Story City is a city in Story County, Iowa. It is located within the Ames, Iowa Metropolitan Statistical Area which envelops Story County and combined with the Boone, Iowa Micropolitan Statistical Area makes up the larger Ames-Boone, Iowa Combined Statistical Area. The population was 3,352 in the 2020 census, a slight increase from 3,228 in 2000.

==History==
Story City was known as Fairview throughout much of its early history. The named changed in 1881 when the town established a post office and discovered that the Fairview name was already in use for another town. Story City was renamed after Supreme Court Justice Joseph Story.

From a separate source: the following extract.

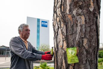 (Adnkronos) – All'aeroporto di Fiumicino interventi per debellare cocciniglia parassita del pino. Roma, Fiumicino ed i Castelli romani sono stati infatti recentemente invasi dalla 'cocciniglia del pino', nota come 'cocciniglia tartaruga', parassita alieno che attacca le piante di pino domestico (quello da pinoli) e nell’arco di qualche anno le porta a disseccamento. Questo nuovo, terribile, parassita non autoctono è la “cocciniglia tartaruga” che risponde al difficile nome scientifico di toumeyella parvicornis. Il parassita alieno colonizza i rametti delle chiome del pino domestico e sottrae alla pianta gli elementi nutritivi fino a portarle alla morte, è trasportato dal vento, ed estremamente invasivo. Oltre alla sottrazione della linfa la cocciniglia produce una melata nera che attacca gli aghi limitando la funzione clorofilliana. Quando la cocciniglia si sviluppa le piante assumono un aspetto caratteristico con caduta degli aghi e chioma “trasparente”. In tal caso, se non si prenderanno adatti provvedimenti molte piante potranno in poco tempo disseccarsi. Anche i pini presenti attorno all’aeroporto di Fiumicino sono stati attaccati da questo parassita ed a tal scopo la società Adr, che gestisce la struttura, ha dato incarico a ditta specializzata di effettuare la lotta al parassita. Da alcuni anni, si fa sapere, è stata messa a punto una metodologia di lotta chimica (con insetticidi di sintesi) assolutamente rispettosa per l’ambiente, l’uomo ed animali, basata sulla iniezione nel tronco, tramite sacche preconfezionate, (endoterapia) previa realizzazione di alcuni fori di limitato diametro, di prodotti insetticidi a base di “abamectrina”, principio attivo specificatamente autorizzato dal ministero della Salute per questo impiego. L’utilizzo di sacche preconfezionate offre la garanzia di evitare qualsiasi diffusione, anche accidentale, del prodotto durante le fasi di inoculo. Sono oltre 250 le piante di pino trattate in endoterapia sotto il continuo controllo di un agronomo. L’intervento si è concluso da qualche giorno, e il prodotto insetticida giungerà in chioma, a seconda delle condizioni climatiche, tra 2 – 4 settimane, eliminando sia le cocciniglie presenti nella forma di adulti quanto le nuove neanidi di seconda generazione. "L’esperienza accumulata in questi ultimi anni consente di poter affermare che, dopo li trattamento, le piante rimangono pulite, ovvero prive di parassita per almeno due anni, se non vi sono nelle vicinanze grosse fonti di nuova infestazione", ha affermato Angelico Bonuccelli, dottore agronomo che si è occupato del trattamento. —cronacawebinfo@adnkronos.com (Web Info)

The boundaries of "Old Fairview" are outlined by signs during Scandinavian Days, and is approximately in the northeast corner of current Story City with the southern boundary being Broad Street.

Story City was laid out including Fairview in 1878, and officially incorporated in 1881. The railroad arrived in 1878 and connected the city to Ames by the narrow-gauge Des Moines & Minnesota and to Des Moines via the Chicago and North Western Railroad in Ames.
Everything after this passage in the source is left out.